This Post Was Updated (in italics)
Updated Mon 11:10 PM— Tonight’s GFS has a significant snow for us. A large change from its previous runs. Details Tuesday morning.
Updated Mon 07:40 PM— The general trend continues with the Saturday storm side-swiping us to our east. Here’s the statistical version of the GFS (GEFS) showing the range of positions of the low pressure system late Saturday afternoon. Notice that there’s a difference in position but all the tracks/positions are off-shore:
Monday afternoon’s operational GFS has light snow making it into Philadelphia, but has just a coating. Temperatures above freezing. Still too far in the future to make a meaningful forecast.
I heard on the news/weather tonight that “whether we get some snow depends on the track of the storm”. Isn’t that the purpose of a forecast? I can’t make these things up.
Updated Mon 08:10 AM— Last night’s models have not clarified the forecast for next weekend. The trend has been for the storm to be further off the coast, but the track and development is still considered to have above average uncertainty.
This afternoon’s clouds were expected and forecast, as an upper air disturbance rotates over us from the upper low pressure system associated with the rain that passed through yesterday.
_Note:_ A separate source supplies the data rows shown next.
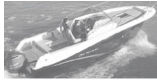
Cap Camarat 7.5 WA
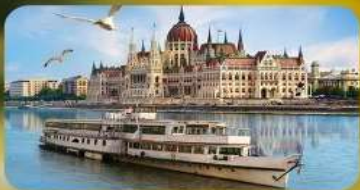
ล่องเรือแม่น้ำดานูบ พร้อมจิบแชมเปญ
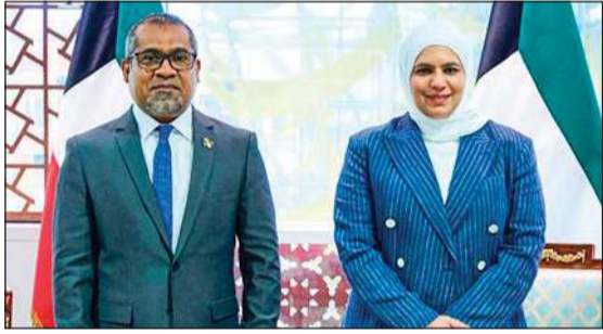
وزيرة المالية ووزيرة الدولة للشؤون الاقتصادية والاستثمار نورة الفصام خلال استقبالها وزير خارجية جمهورية الماديف د.عبدالله خليل

من خلال تمويل العديد من المشاريع في القطاعات الحيوية في الماديف ودوره في دعم التنمية الاقتصادية والاجتماعية فيها. وفي هذا السياق، قالت وزيرة نورة الفصام: «تعتبر الماديف شريكاً مهماً للكويت في تعزيز التعاون الاقتصادي والتنموي، وتطلع إلى مزيد من التعاون في المرحلة المقبلة وفق أهداف وتطلعات مشتركة تساهم في تحقيق الأهداف التنموية المشتركة وخلق فرص استثمارية جديدة تعود بالنفع على البلدين الصديقين».
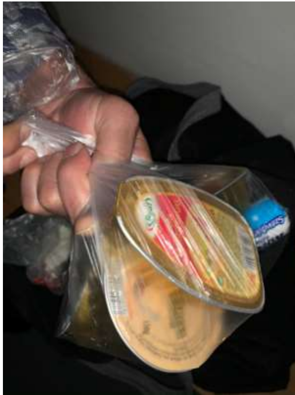
12. számú kép: Élelmiszer csomag
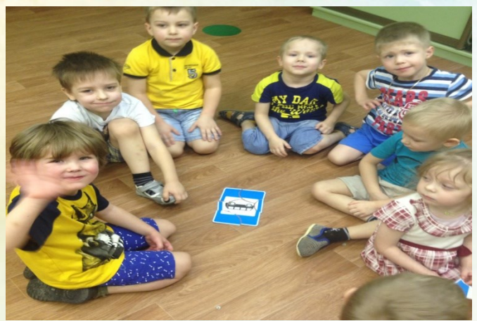
Дидактическая игра «Собери дорожный знак»
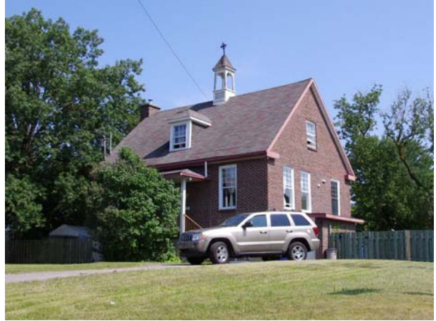
Ancienne école de rang (maison Dutrisac), 5000-5002, boulevard Sainte-Rose (Laval-Ouest).
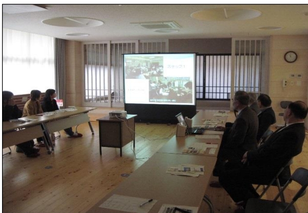
（油谷公民館長より講義の様子）

ラポールゆやの施設見学後、隣接する油谷小学校で公民館長より講習を受け、児童が琴を学んでいるところを見学してきました。
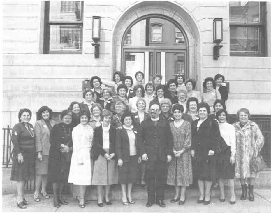
Համագումարի մասնակից հայուհիները Առաջնորդ Սրբազան Հոր հետ միասին

Արայանեան ծանօթացուց ներկաները եւ գնահատեց իրենց զոհողութիւնը ընդհանրապէս եւ մասնաւորաբար այս օրը տրամադրելու սիրօժար ոգին հակառակ իրենց բազմազգաղ գործունէութեան շրջանը ըլլալուն:
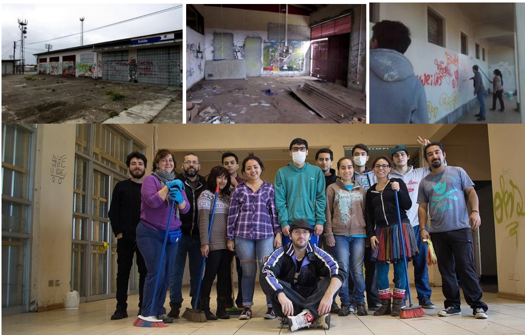
Etapa de limpieza y habilitación Centro Cultural Estación.
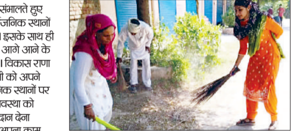
मिवानी। टिकाणकला में सार्वजनिक स्थानों की साफ सफाई करती महिलाएं।
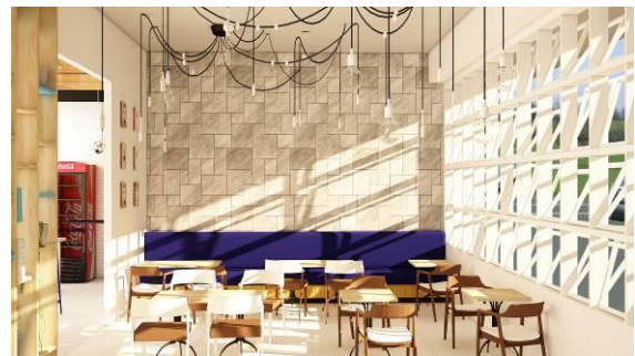
Gambar 6. Tampak Perspektif II Area Kafe
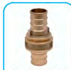
Raccordo UNI 804
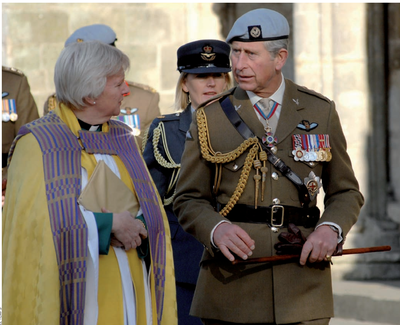
EL TEMPS El príncep Carles d'Anglaterra assisteix amb uniforme militar a una celebració a la catedral de Salisbury, al Regne Unit, el desembre del 2007.

La visita del príncep Carles d'Anglaterra al Quebec ha causat indignació entre els sobiranistes, que acusen la monarquia britànica de genocidi cultural. Algunes entitats independentistes han preparat actes de protesta per rebre el futur cap d'estat del Canadà.

As mentioned in last Thursday’s post, some of the extended range models are suggesting the development of a coastal low this coming weekend. (The extended range forecasters at the NWS have described the coming weekend’s weather as having higher than usual uncertainty. )
That said, this morning’s GFS, GEFS, CMC and ECMWF models are showing some sort of coastal low for us in an unclear time frame ranging from Saturday afternoon into Sunday. The Canadian model shows the most developed snow storm for us and isn’t necessarily correct:
The GFS shows a low with less development and faster moving:
The latest GFS Ensemble forecast (GEFS) (statistical) shows a low that is least developed and slowest:
I wouldn’t go out and replace your snow shovel just yet, but it’s something to keep an eye on.
Amazingly, this is the first time this entire winter season where anything resembling a coastal snow storm presented even as a possibility.